13. I would hold that all three limits of rule 3 apply.  This was an exercise in discretion by the judge and appeals to this court are rare, successful appeals are rarer (see the Judgment of Longmore LJ in Chief Constable of Lincolnshire Police v Caston [2009] EWCA Civ 1298).  This was a simple and elementary exercise in discretion and case management by the Judge and there was no error in it when he made his decision.  Inasmuch as that was the sole basis of the President’s opinion, I agree with it.

14. I consider this appeal is academic.  For the reasons I gave, and were approved in the Court of Appeal in Edem v Egg Plc & Ms J Croft UKEATPA/0304/07/ and 1600/06 there is no utility in an interim appeal where the matter has already been resolved.  It is an abuse of the process of the EAT to seek as a remedy on appeal something which has already happened.  The Claimant has achieved the setting aside of the Judge’s decision to go ahead with the PHR on 19 November 2009; the Judge himself did that.  Abuse of process sounds much worse than it is but it is in the rule and I hold that it is an abuse of the process of the EAT to continue to pursue this appeal in the light of the facts.  Further, there will also be an impediment to the just handling of proceedings both in the ET and the EAT, for this matter can now be dealt with at the ET.  I would hold that there is no prospect of success.

15. I have taken the time to express this opinion because the substance of the Claimant’s case is a grievance with the Reading Tribunal - she has lost confidence in it.  The remedy she seeks in the Notice of Appeal is simply outside the powers of the EAT.  She cannot achieve the conceptual remedy she seeks. As a matter of substance the Claimant wants somebody to set aside the Judgment of the Reading Tribunal.  That was the issue for Elias P on the sift and of Judge Clark on the application in 2009 and is before the Court of Appeal next week.  I have no control over that.

16. It is misconceived for the Claimant to consider that the current appeal is going to achieve any practical result for her. I have read Dr Evans’ fuller case, including the arguments which she raises under the European Convention on Human Rights.

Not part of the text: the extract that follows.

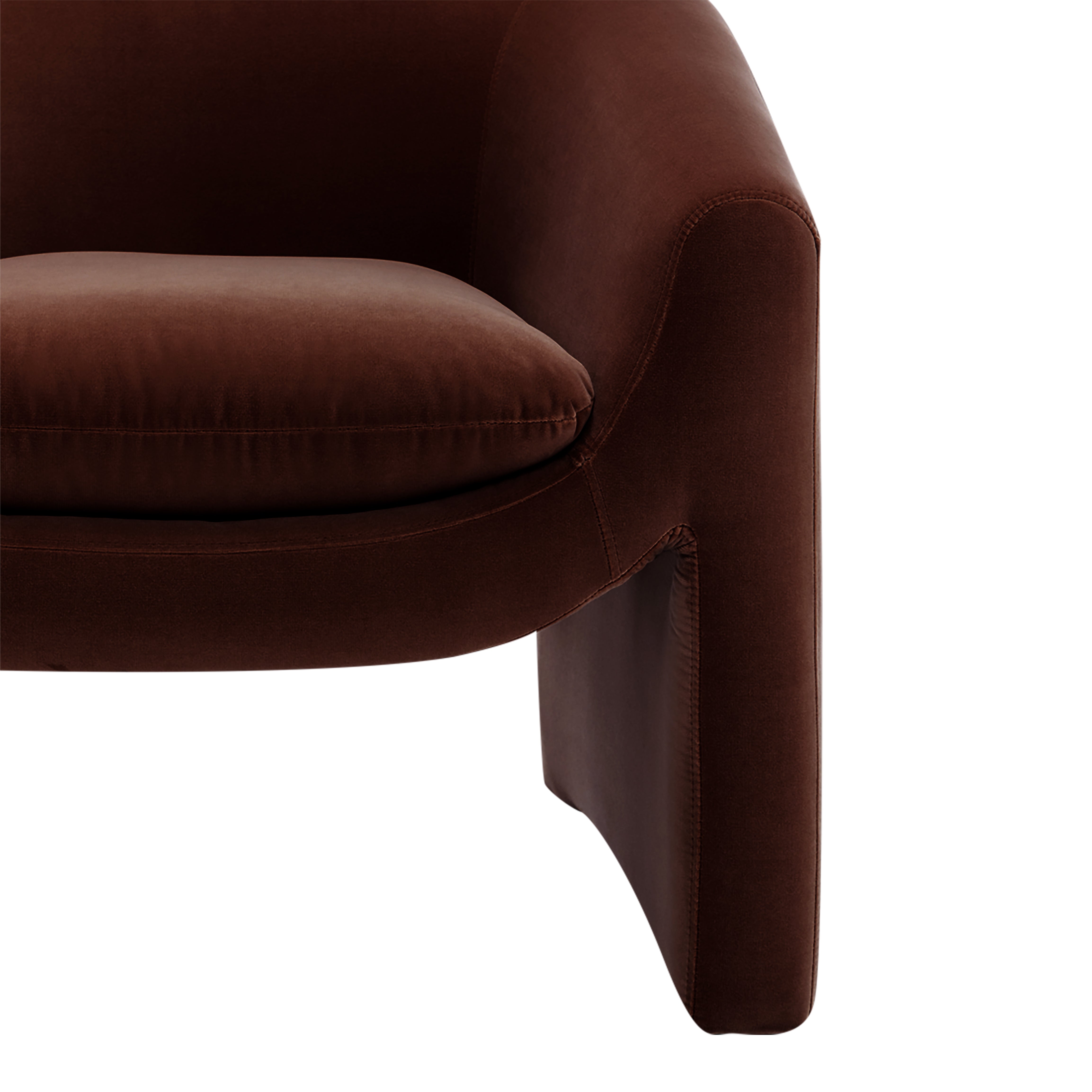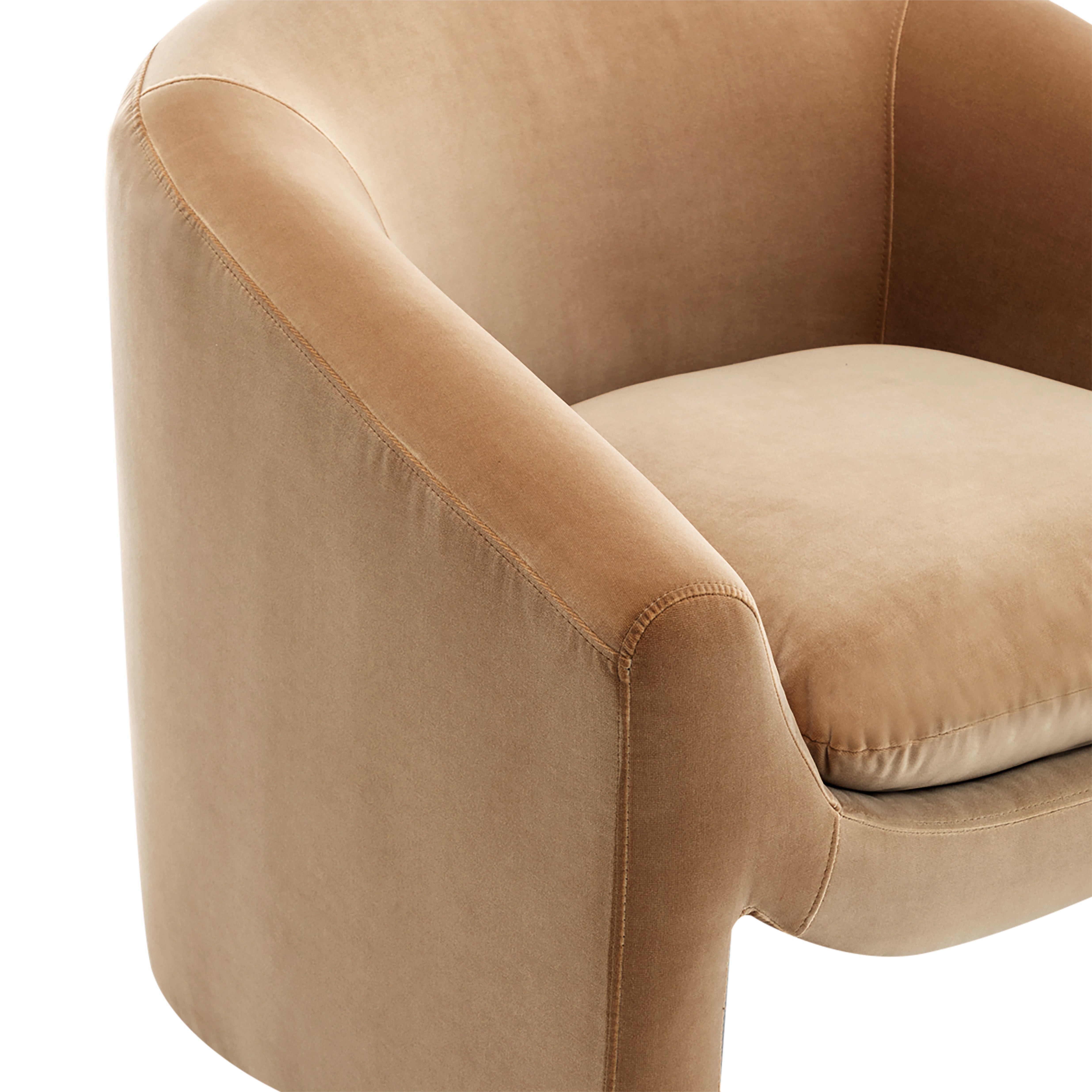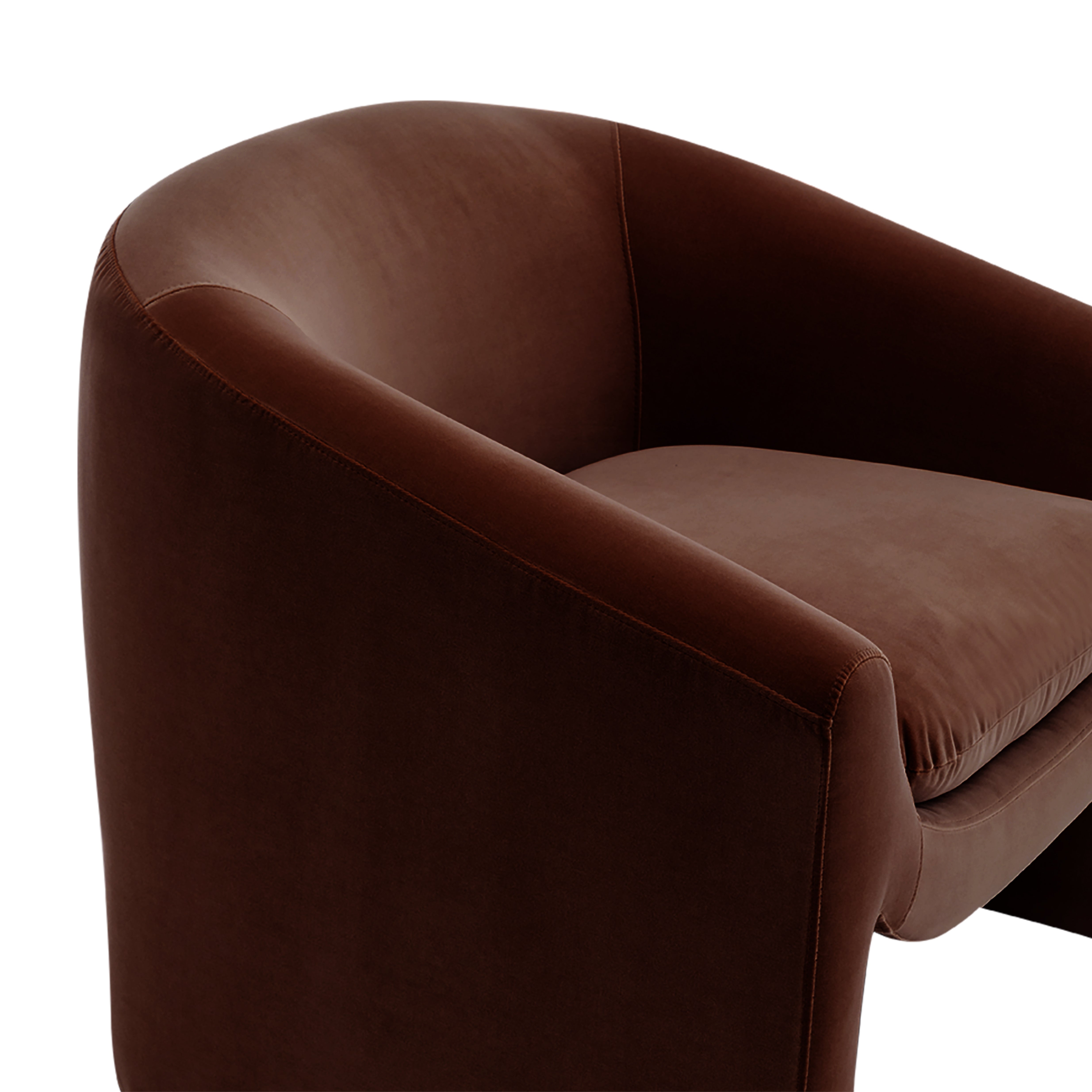 A bold yet inviting statement, the Ava Occasional Chair features a sculptural silhouette, curved armrests, and a cut-out base. Designed for living rooms, bedrooms, or reading nooks, it blends comfort with modern elegance. Available in a Cotton like Velvet Chocolate, Ochre and green or a Natural chenille textured fabric. Perfect for contemporary and minimalist interiors.

She says she is a victim of violations of her convention rights, including servitude, dignity, freedom of association and so on.  She draws my attention to eight violations contrary to articles 3, 4, 5, 6, 8, 9, 10 and 11.  She may be assured that I have taken fully into account every opportunity there may be for her to challenge in this particular appeal her treatment under each of the foregoing heads, but there is no substance in any of them.

17. When I pointed out to Dr Evans the next stage in these proceedings she asked me for permission to appeal against my ruling under rule 21.  There is no prospect of the Court of Appeal deciding differently for, again I invoke Longmore LJ, “Unsuccessful appeals to the Court of Appeal are even fewer.”  There is no compelling reason for this matter to go any further and I hope that it will be of assistance to the parties and to the Court of Appeal for me to have given my view were I dealing with this under rule 3(10), because the Claimant would still have to get over that hurdle too.

18. After disposing of this matter Dr Evans drew to my attention three further documents.  One is confirmation of the medication she was on and I have noted that she was taking Fluoxetine Hydrochloride last issued on 11 November 2009.  She has also shown me an appointment with her GP for 20 April 2010 and a reference in relation to a job currently being advertised, but these are, as she put it, off-issue.  The medication label gives no indication as to how it impeded her ability to make an application under rule 3(10) in the period of 28 days from 17 November 2009.